# Javascript Doesn't Work



## camsmomma (Jan 25, 2004)

Ok, I have looked all over.. but I can't find a solution to find out what's up with mt javascript. It simply doesn't work. Should I uninstall and reinstall? if so, anyone know of a good site to find javascript?

Thanks!


----------



## DarqueMist (Jan 16, 2001)

Just taking a guess here but if you have recently purchased a new OS by microsoft they no longer offer their java virtual machine as part of their IE sweet. If you want your comp java enabled you'll have to install it yourself which is no big deal. Go to the java developers themselves for this Sun Microsystems here's the addy http://www.sun.com/index.xml


----------



## DarqueMist (Jan 16, 2001)

sorry, this would have been a better link to give you, I didn't realize how burried the download would be
http://java.com/en/index.jsp


----------



## Moby (Mar 19, 2002)

When you say it doesn't work, is it just clicking on links etc that doesn't work? If you have a firewall, particularly Norton's, it has a setting to stop pop up java boxes opening and settings for Java in general.


----------



## camsmomma (Jan 25, 2004)

Well, I am having problems trying to open LimeWire, or some links.. (TV GUIDE links for example) I have went to the Java website and looked and even downloaded but it asks for a program to open the program? with... I am so lost and really don't know what else to do.


----------



## joe37042 (Jan 10, 2004)

try this. it is an automated download for java. i just finished using it and had no problem.

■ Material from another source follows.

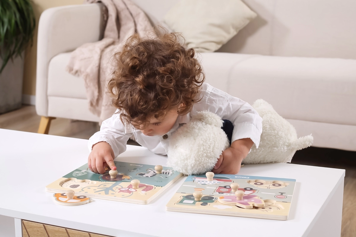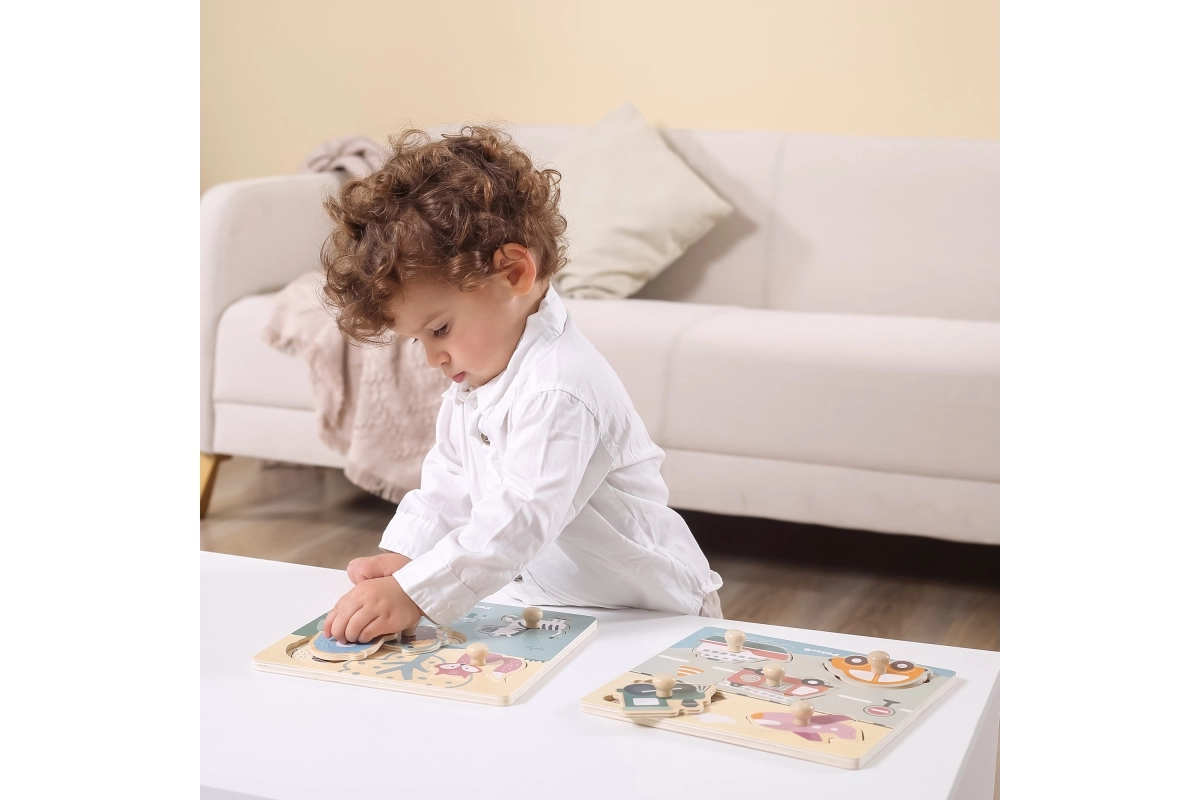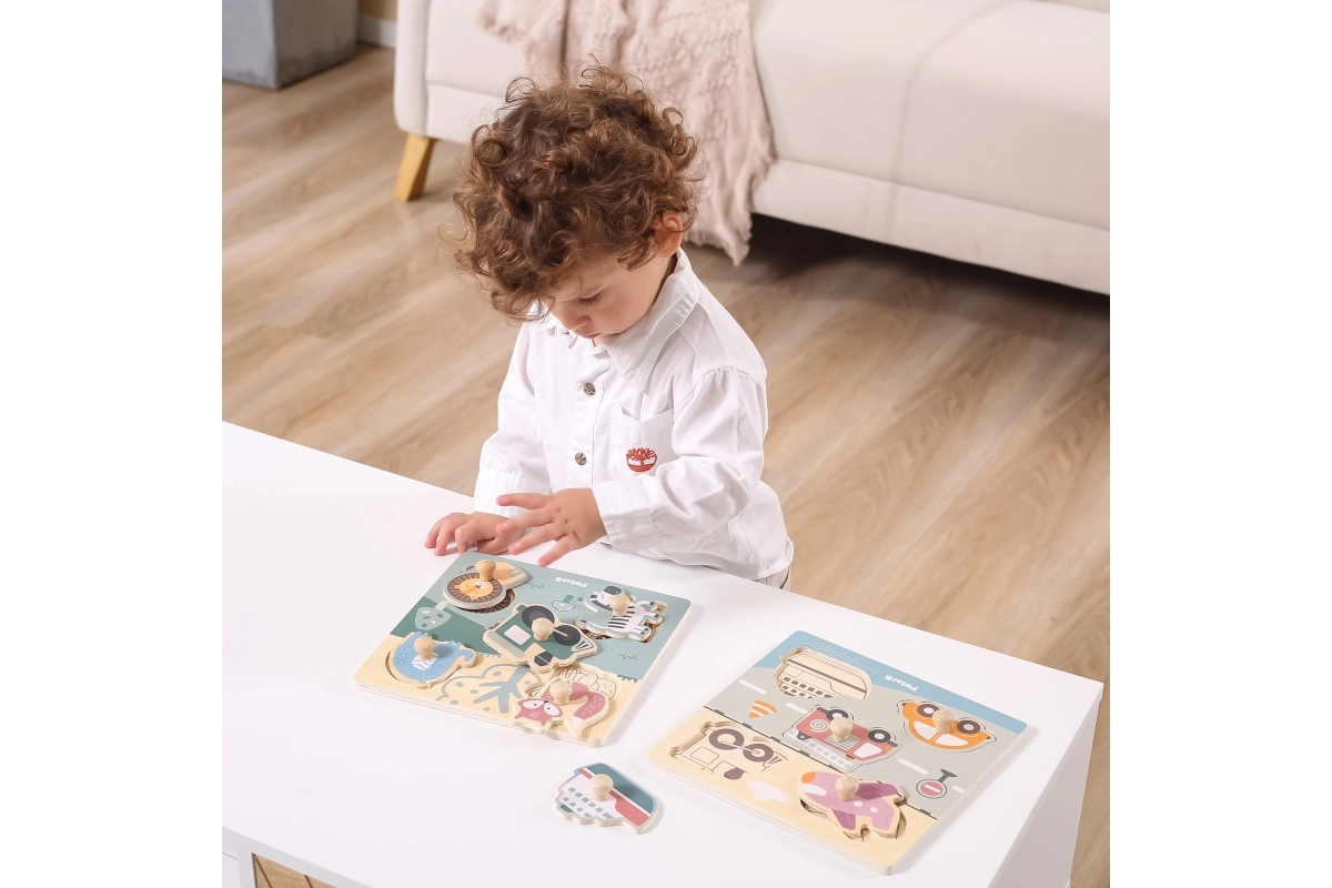 Træpuslespil med indlæg - transportmidler

http://www.java.com/en/download/windows_automatic.jsp


----------



## Rollin' Rog (Dec 9, 2000)

See my answers to mick in this thread and let us know what you find:

http://forums.techguy.org/t199188/s.html

Keep in mind Java and javascript are two different things. We need more information on just what problem you are encountering. Give us a link to an address where you are having trouble.


----------



## camsmomma (Jan 25, 2004)

Ok, I have done everything that was suggested to Mick. My javascript does work. I really don't know how to do the Hijack This thing, I tried opening LimeWire and it says "Sorry, LimeWire could not locate a suitable Java Runtime Environment. Please Download and install one from ---- and then it gives me the site address. When I go to the address and follow through.. I have tried auto and manual install it pops up a box says open save cancel .. when I click save, it brings me to when I want to save it. then it disappears then if I go into the folder where it was saved, it wants a program to be known to open it with, I can't figure it out.


----------



## Rollin' Rog (Dec 9, 2000)

First let's verify if Microsoft's VM is installed. If you open a command prompt (if XP/NT/2K Start > Run *cmd* -- if other, Start > Run: *command*) and enter:

jview

is VM installed and is it version 3810 ?

I'm not sure what is happening with your Sun download. The setup file is an "exe" so you should not be prompted on what to use to open it. Once it is saved and you double click it, setup should begin.

Try the manual (offline) download from this site. If you have problems with that, try the automatic.

http://java.sun.com/webapps/download/AutoDL?BundleId=9505

For the manual download, save it to a convenient, permanent folder. Once saved, verify that the file is the same as that which appeared in the save dialog and has an ".exe" on the end. It should be:

j2re-1_4_2_03-windows-i586-p.exe


----------



## camsmomma (Jan 25, 2004)

Ok, at Start>run>jview a MS-DOS type window pops open, thing is it only blinks and it's gone. Will not stay open so I couldn't read to see what it said. And no such luck with the other download. 
I downloaded again.. then I changed the file name to .exe and when I clicked on it, message said it was not a valid win32 file?


----------



## Rollin' Rog (Dec 9, 2000)

No, you want to enter Start > run *cmd* if WinXP/2k/NT or Start > run *command* if 9x/ME

A command shell window will then open and stay opened.

Then at the command prompt enter: jview

Did you manage to install Sun Java? If so, you should have had it select itself as the default. Or you can check Internet Options > Advanced for a check box for it.

If you have the 3810 version of Microsoft VM and you want to use that in IE, then check Security > Custom and make sure Microsoft VM is enabled at at least a medium security setting. Scripting of java applets should also be enabled.


----------